Cuba: Raul Castro Skips Mandatory Fidel Commemoration Ceremonies

FILE - In this Nov. 29, 2016, file photo, Cuba President Raul Castro speaks during a rally in Havana, Cuba. Raul Castro appeared as alarmed as the Americans. The United States, his nation’s sworn enemy until recently, was demanding urgent answers about a spate of U.S. diplomats harmed in Havana. …
AP Photo/Ricardo Mazalan

Cuban dictator Raúl Castro did not attend Cuba’s major remembrance ceremonies for older brother Fidel, who died one year ago on November 25. Enthusiastic mourning of Castro is mandatory for Cuban citizens, and some remain imprisoned for refusing to participate.

Instead of attending himself, Castro sent a rotating cast to nationwide events that included son Alejandro Castro Espín and Vice President Miguel Díaz-Canel. Castro’s widow, Dalia Soto del Valle, and some of his large coterie of children and grandchildren also made public appearances on Sunday, at an art exposition by son Alex Castro Soto del Valle. One grandson, Fidel Castro Smirnov, delivered an address on Friday in eastern Santiago de Cuba, where he declared that “Fidel’s DNA is present in millions of revolutionaries today.”

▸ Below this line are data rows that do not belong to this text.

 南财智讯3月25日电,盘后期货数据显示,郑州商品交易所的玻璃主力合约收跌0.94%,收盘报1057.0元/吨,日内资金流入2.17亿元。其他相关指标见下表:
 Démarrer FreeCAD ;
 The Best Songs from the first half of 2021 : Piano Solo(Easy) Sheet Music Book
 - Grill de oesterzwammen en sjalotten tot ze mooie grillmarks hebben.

Raúl Castro was notably absent among those commemorating his brother, seemingly the only known relative of Fidel’s who did not make a public appearance.

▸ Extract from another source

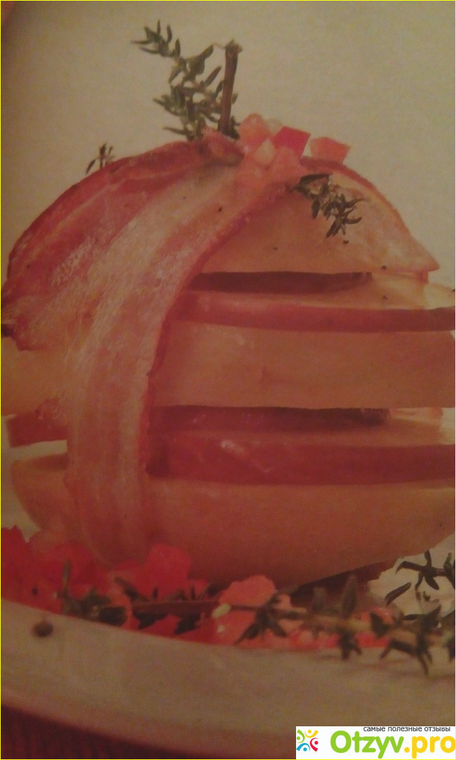 2) на первый ломтик картофеля выложить по два ломтика сыра и листки тимьяна, накрыть вторым ломтиком картофеля. Сверху вновь положить два ломтика сыра и Тимьян, накрыть третьим ломтиком картофеля. Посолить и обильно поперчить

After multiple Cuban exile publications noted his absence on Monday, the top story on the homepage of Cuban state propaganda newspaper Granma at press time blared that Raúl Castro appeared in the flesh at the funeral of another communist figurehead, “revolutionary combatant” Armando Hart. The government has not provided any reason for Castro to have skipped the ceremonies. Castro did take the lead at funeral services for his older brother and delivered the news that he had died to the world via his presidential desk last year. Raúl Castro has governed Cuba since 2008, when the elderly Fidel stepped down from his position. He would later appear periodically in photos with like-minded world leaders like Hugo Chávez and Iranian President Hassan Rouhani.

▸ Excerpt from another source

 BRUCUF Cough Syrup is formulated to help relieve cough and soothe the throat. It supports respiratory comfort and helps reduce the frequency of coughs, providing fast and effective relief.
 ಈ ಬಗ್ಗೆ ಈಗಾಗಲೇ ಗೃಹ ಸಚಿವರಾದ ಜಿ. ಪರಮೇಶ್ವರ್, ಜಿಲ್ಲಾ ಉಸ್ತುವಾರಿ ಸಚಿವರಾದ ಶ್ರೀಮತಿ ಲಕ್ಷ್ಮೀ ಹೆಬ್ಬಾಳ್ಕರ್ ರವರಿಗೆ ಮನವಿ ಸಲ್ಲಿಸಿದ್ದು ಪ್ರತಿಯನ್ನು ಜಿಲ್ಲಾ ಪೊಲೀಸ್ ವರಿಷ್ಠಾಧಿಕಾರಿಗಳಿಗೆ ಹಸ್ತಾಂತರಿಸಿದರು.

While the head of government himself may have been able to skip the ceremonies, this is not a privilege bestowed to average Cubans. Children who excel in school are forced into the “Young Pioneers” program, which indoctrinates them in Marxist thought. A video surfaced this week of a group of Young Pioneers forced to recite a poem in Fidel’s honor, in which they declared him “every girl’s boyfriend.” Elián González, the Cuban refugee abducted and forced back into the regime’s hands by the Clinton administration, delivered a speech denying that Castro ever died. Puerto Rican terrorist Oscar López Rivera, whose multi-decade prison sentence was commuted by former president Barack Obama, also made a week-long appearance and visited Castro’s tomb.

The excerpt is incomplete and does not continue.